Offset numbers { 1 9 4 11 6 4 6 7 2 3 2 0 2 0 0 }

Index values as they grow:

(unused offset 1) 1
(+9) 1 10
(+4) 1 5 10
(+11) 1 5 10 14
(+6) 1 5 8 10 14
(+4) 1 5 6 8 10 14
(+6) 1 5 6 8 10 11 14
(+7) 1 5 6 8 10 11 13 14
(+2) 1 3 5 6 8 10 11 13 14
(+3) 1 3 5 6 7 8 10 11 13 14
(+2) 1 3 4 5 6 7 8 10 11 13 14
(+0) 0 1 3 4 5 6 7 8 10 11 13 14
(+2) 0 1 3 4 5 6 7 8 10 11 12 13 14
(+0) 0 1 2 3 4 5 6 7 8 10 11 12 13 14
(+0) 0 1 2 3 4 5 6 7 8 9 10 11 12 13 14

If you want that in random order, preserve the order of the offsets:  { 1 10 5 14 8 6 11 13 3 7 4 0 12 2 9 }

Or if you prefer to see it from the perspective of the UNUSED pool:

(position 1) 0 1 2 3 4 5 6 7 8 9 10 11 12 13 14
(9) 0 2 3 4 5 6 7 8 9 10 11 12 13 14
(4) 0 2 3 4 5 6 7 8 9 11 12 13 14
(11) 0 2 3 4 6 7 8 9 11 12 13 14
(6) 0 2 3 4 6 7 8 9 11 12 13
(4) 0 2 3 4 6 7 9 11 12 13
(6) 0 2 3 4 7 9 11 12 13
(7) 0 2 3 4 7 9 12 13
(2) 0 2 3 4 7 9 12
(3) 0 2 4 7 9 12
(2) 0 2 4 9 12
(0) 0 2 9 12
(2) 2 9 12
(0) 2 9
(0) 9

I'm pretty sure that would generate a biased distribution rather than a random distribution.  Also, the multi-round RSA thing is going to be rather complex.

#include <iostream>

int C[20][20] = {0};

void print_combination(int r, int n, int k) {
  if (k == 0)
    return;
  bool selected = (r < C[n-1][k-1]);
  if (selected) {
    print_combination(r, n-1, k-1);
    std::cout << n << ' ';
  }
  else
    print_combination(r - C[n-1][k-1], n-1, k);
}

int main() {
  // Initialize combinatorial numbers table                                                                                               
  for (int i = 0; i < 20; ++i) {
    C[i][0] = 1;
    for (int j = 1; j <= i; ++j)
      C[i][j] = C[i-1][j-1] + C[i-1][j];
  }

  // Loop over all combinations                                                                                                           
  for (int x = 0; x < C[6][3]; ++x) {
    print_combination(x, 6, 3);
    std::cout << '\n';
  }
}

For your original question, call `print_combination(random_number, 6, 3)'.

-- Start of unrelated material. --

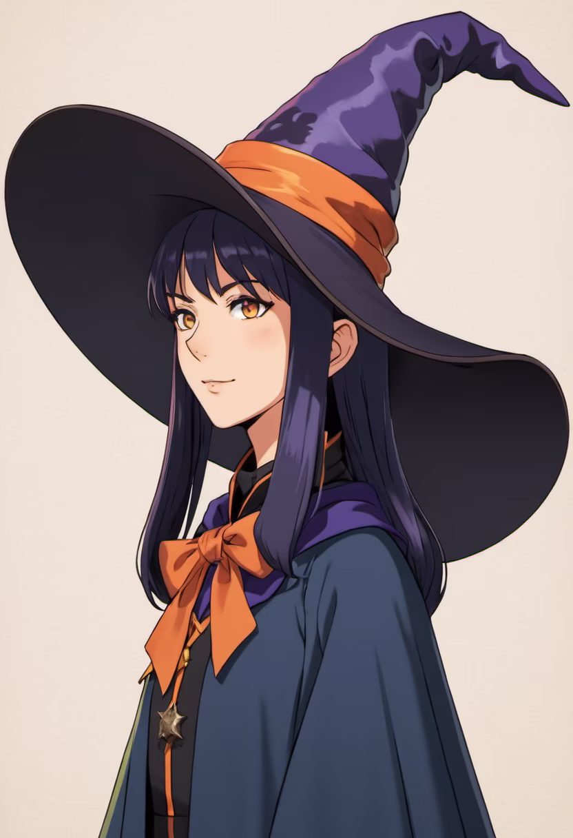 Prompt: busty,silver hair, orange eyes, full body shot, woman, adult woman, witch hat,witch, witchcraft, long eyelashes,pestañas abundantes, beautiful eyes,potions, old cabin, Studio Ghibli

Also see the constraint: - N and K are very big - I mean, you can't iterate all the possibilities

3 minutes ago, frob said:

Also see the constraint: - N and K are very big - I mean, you can't iterate all the possibilities

If you were referring to my code, the iteration over all possibilities is for demonstration purposes only. The function print_combination would work for large N and K (as long as you can handle numbers as big as C[N][K], which is assumed as part of the original post).

EDIT: It can also be done non-recursively, but I think the code is easier to understand in this version.